Although his own recording career is back in gear, he hasn’t slowed down his production schedule. This year he has already produced albums for Joe Cocker, the BoDeans, Elvis Costello, John Mellencamp and B.B. King. King’s album was especially meaningful for Burnett because he had heard King at the Central Forest Ballroom in Dallas in the ’60s. It was a profound experience for the teenaged listener, and the 60-year-old producer wanted to recapture the feeling of that concert, and of the singles King had cut in the ’50s.
“I didn’t want to update him,” Burnett insists. “That’s part of the problem; people are always trying to update him. Like so many people, he’s been victimized by modern recording techniques. It doesn’t get any better than those records he made with Maxwell Davis in the ’50s; the way they sounded meant so much to me. I felt if I could be true to the way he made those records, we could bookend B.B.’s life. We had everyone sit around in a circle — I sat between Dr. John and B.B., so I could hear them play in real time.”

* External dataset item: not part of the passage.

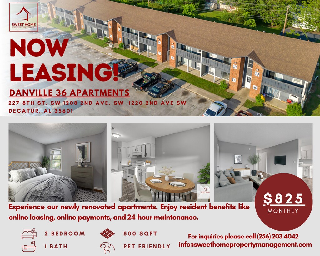 MOVE-IN SPECIAL! Sign a lease this November and get $300 OFF your first full month’s rent! Newly Renovated 2 Bedroom Apartments in Decatur, AL Enjoy modern finishes, spacious layouts, and easy access to shopping, dining, and recreation. Community Perks: Online leasing & payments 24-hour smart maintenance Pet-friendly & smoke-free ***$50 water billback ***Paint and flooring may vary by unit.

For much of this year, though, Burnett will be out on the road playing guitar behind Krauss and Plant and alongside guitarist Buddy Miller, fiddler Stuart Duncan, bassist Dennis Crouch and drummer Jay Bellerose. As much as he loves Raising Sand, he reports that the early shows have already taken the venture to a whole new level. As Krauss and Plant learn songs from each other’s catalogs, as Krauss learns to let loose and wail, as Plant learns to keen like a mountaineer, as the band learns to shove several songs into sound collages, the project becomes stranger and richer.
“O Brother took over my life for five years,” Burnett acknowledges, “and I’d be happy to have this take over my life for five years. I’m ready to make this my first priority for the foreseeable future, because I really, really enjoy this. There’s a very good chance there’ll be another few records.”